**Given material**
== Segment start ==

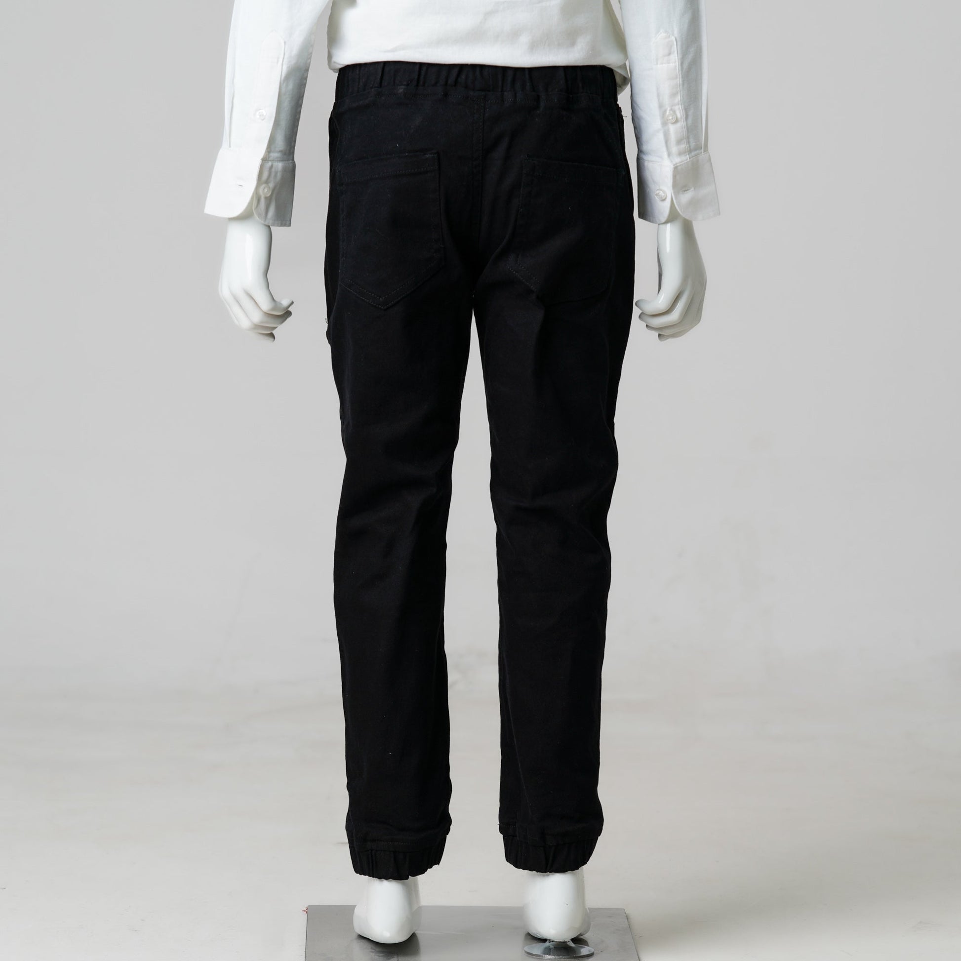 Boys’ chino pant in classic black, crafted from 98% cotton and 2% spandex for flexibility and comfort. Designed with an elastic waistband, drawstring closure, and elasticated leg hems for a secure fit. Perfect for everyday wear, school, or casual outings.
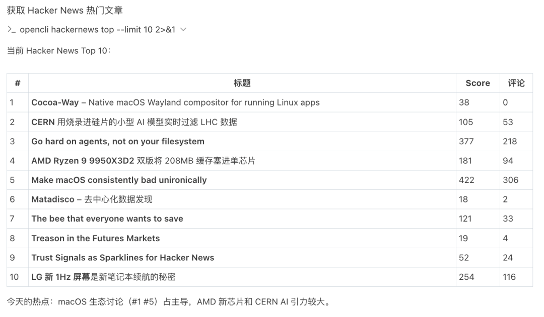 opencli hackernews top
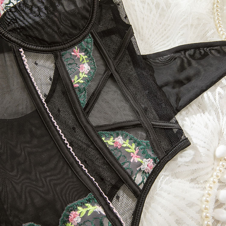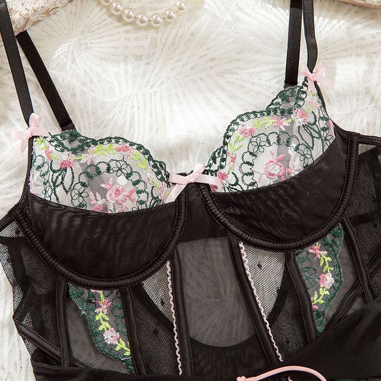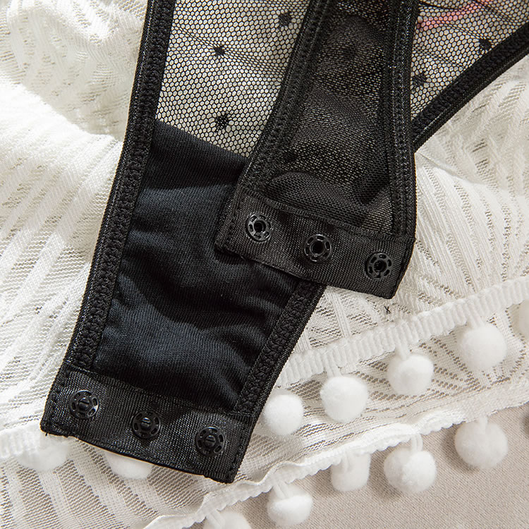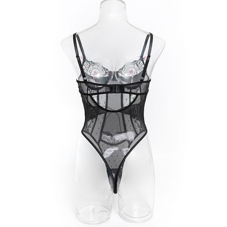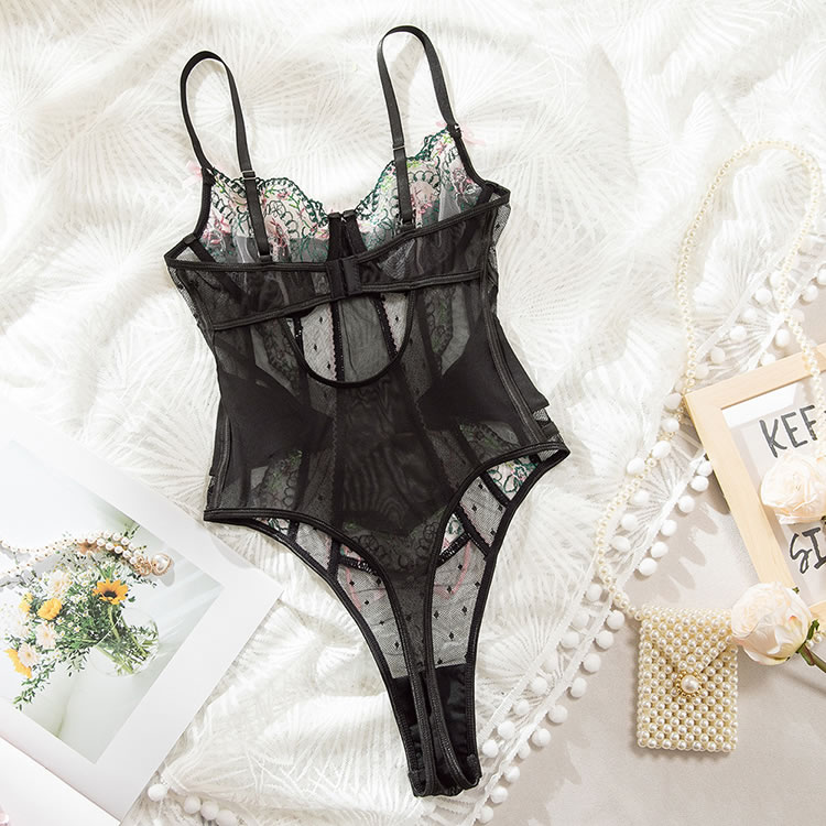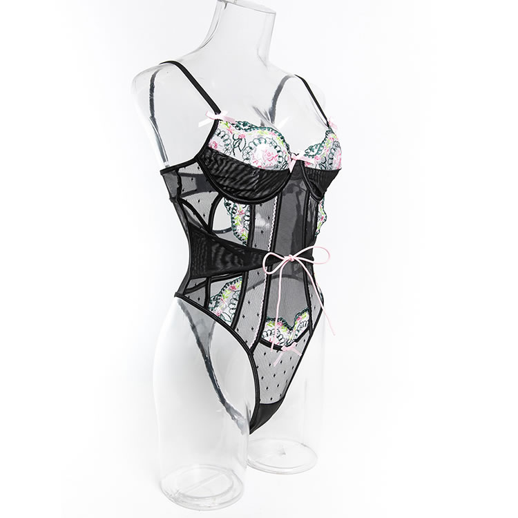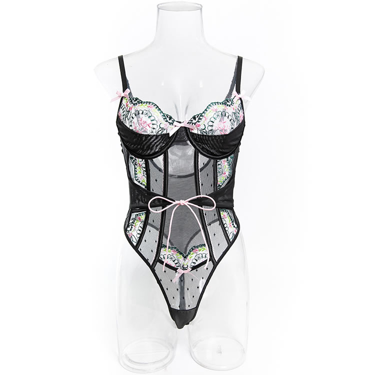 This striking bodysuit combines sheer mesh with floral lace detailing for a mix of edgy and feminine flair. The structured bustier top features soft pink bows at the cups and a central bow accent that adds a playful touch. A cutout panel across the midsection enhances the silhouette, while thin straps and an open back create a sleek, modern look. Designed with a high-cut leg line and minimal coverage, it’s perfect for those who love dramatic style with a hint of romance.

== Segment end ==

**Work request**
Could the material above be given again in full and exactly, with its pictures left out?

**Solution to the exercise**
 Boys’ chino pant in classic black, crafted from 98% cotton and 2% spandex for flexibility and comfort. Designed with an elastic waistband, drawstring closure, and elasticated leg hems for a secure fit. Perfect for everyday wear, school, or casual outings.
 opencli hackernews top
 This striking bodysuit combines sheer mesh with floral lace detailing for a mix of edgy and feminine flair. The structured bustier top features soft pink bows at the cups and a central bow accent that adds a playful touch. A cutout panel across the midsection enhances the silhouette, while thin straps and an open back create a sleek, modern look. Designed with a high-cut leg line and minimal coverage, it’s perfect for those who love dramatic style with a hint of romance.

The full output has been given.